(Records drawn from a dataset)

################

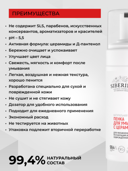 Siberina Для лица Серия с церамидами / НАТУРАЛЬНАЯ ПЕНКА ДЛЯ УМЫВАНИЯ
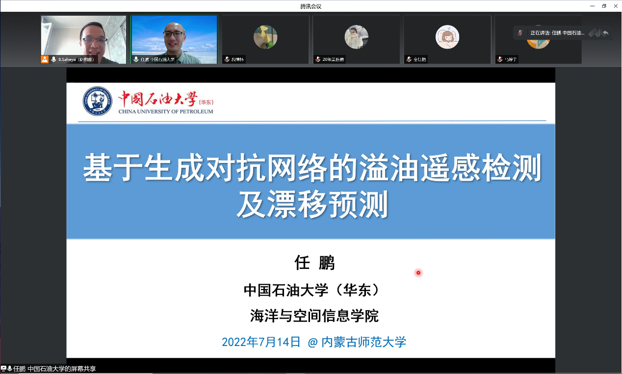 2022年7月14日上午8:30-10:00,yl6809永利检测中心以线上会议的形式举办了迎校庆70周年暨内蒙古自治区应用数学中心系列讲座。特邀请中国石油大学(华东)教授,博士生导师,青岛市“海洋灾害预防检测信息国际联合研究中心”主任任鹏作了题目为“基于生成对抗网络的溢油遥感检测及漂移预测研究”的报告。本次讲座由高性能计算中心主任萨和雅主持,相关方向的教师、研究生和本科生听了本次报告。
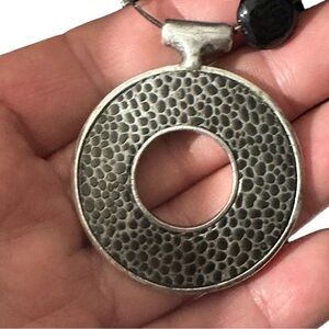 Add a touch of bohemian flair to your wardrobe with this stunning necklace from Chico's. The 3-strand necklace features a round, pot metal pendant with a pebbled / snake skin leather inset. The adjustable multi-strand wire chain is adorned with beautiful black and white art glass beads and sterling silver beads. The adjustable wire chain is perfect for any occasion, from everyday wear to special events.
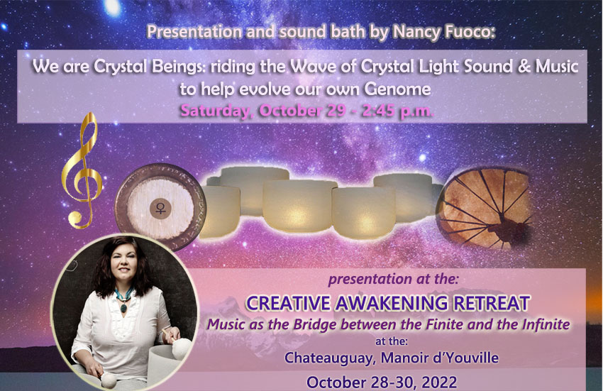 Nancy Fuoco is an intuitive channel, sonotherapist and an experienced meditation facilitator. She has been offering workshops on emotional wellbeing, sound healing and therapeutic concerts for the last 20 years. As well as leading spiritual retreats in Mt. Shasta, CA, and in the Laurentians to evolve soul connection and opening to the inner Goddess, she has long pursued studies and taught on the subjects of Lemurian healing and reconnection, spiritual psychotherapy, sound healing and vocal therapy, rebirthing, crystal healing and understanding consciousness through the rays of light (color, sound and light therapy). To know more about her, you can visit her website at: www.theresonantheart.com
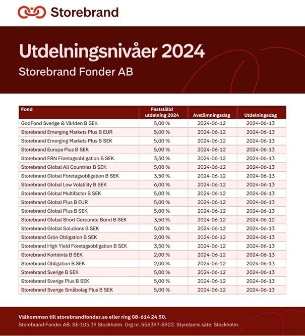 ”Ursprungligen är produkten framtagen för framför allt stiftelsekunder som uppskattar en hög och stabil utdelningsnivå. När produkterna nu tillgängliggörs för fler är ambitionen att vi fortfarande ska ge en attraktiv och stabil utdelning för dem som uppskattar förutsägbarhet. Så ja, nivåerna från 2024 kommer vara samma även framåt. Vi kommer att uppdatera produktbladen så att investerare kan förvänta sig en utdelning under första halvan av juni månad.”
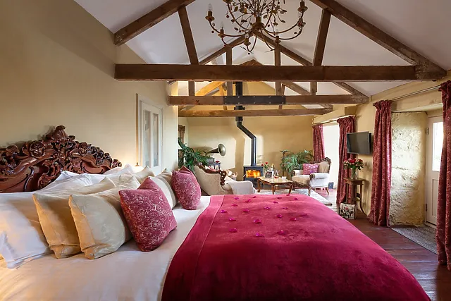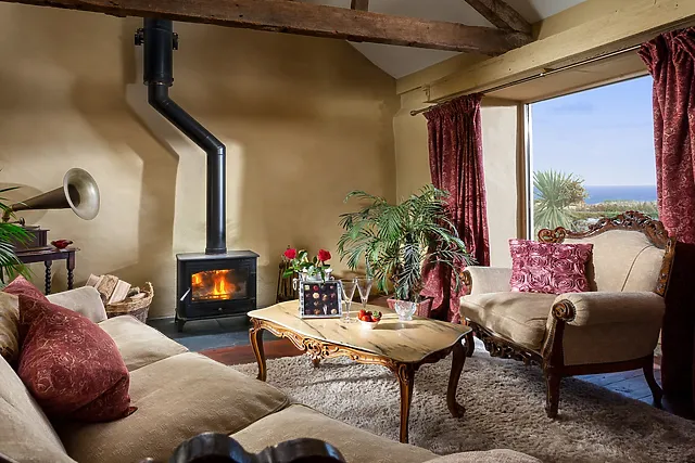 A stylish bathroom with a Victorian oval wash basin and a double-ended slipper bath adds to the charm. The living room boasts a large wood burner and bespoke furniture, perfect for cosy evenings.
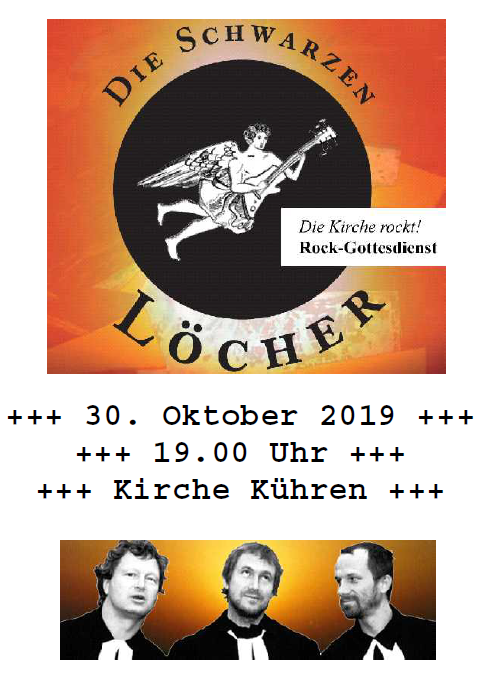 Kirche ROCKT! 30. Oktober +++ 19 Uhr Die Schwarzen Löcher geben ein Konzert-/Rock-Gottesdienst in Kühren!
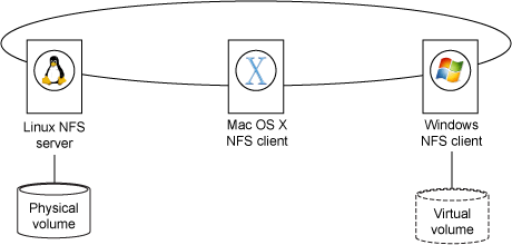 The above diagram shows the Linux NFS Server exporting its physical hard disks to the NFS Clients. The mounting an NFS file system is transparent to the client as when mounted, applications simply read and write files, subject to access control, oblivious to the machinations required to persist data. A pretty neat solution
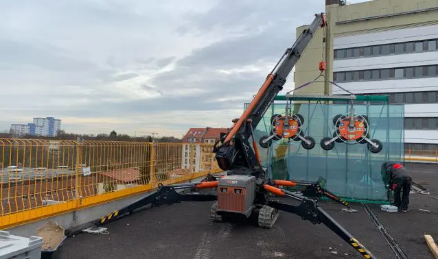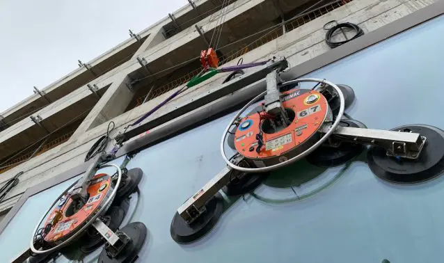Pour ce projet, on a utilisé des ventouses, spécialement développées pour le montage de bardage, qui peuvent soulever 250 kg par ventouse. Avec le double circuit de vide dont est équipé le CladBoy CB5, cela revient à une capacité de levage de 500 kg. L’avantage d’un double circuit sous vide est que l’utilisation de sangles anti-chute n’est pas nécessaire. Le deuxième circuit sert de sauvegarde. En outre, il accélère le processus de montage, ce qui permet de réaliser des économies en termes de coûts de personnel.

################

* Task statement *
Each line from the first line of the records through the line containing "2022年7月14日上午8:30-10:00,yl680" must be reproduced exactly, with both ends included and all pictures omitted; nothing else belongs in the answer.

* Response area *
 Siberina Для лица Серия с церамидами / НАТУРАЛЬНАЯ ПЕНКА ДЛЯ УМЫВАНИЯ
 2022年7月14日上午8:30-10:00,yl6809永利检测中心以线上会议的形式举办了迎校庆70周年暨内蒙古自治区应用数学中心系列讲座。特邀请中国石油大学(华东)教授,博士生导师,青岛市“海洋灾害预防检测信息国际联合研究中心”主任任鹏作了题目为“基于生成对抗网络的溢油遥感检测及漂移预测研究”的报告。本次讲座由高性能计算中心主任萨和雅主持,相关方向的教师、研究生和本科生听了本次报告。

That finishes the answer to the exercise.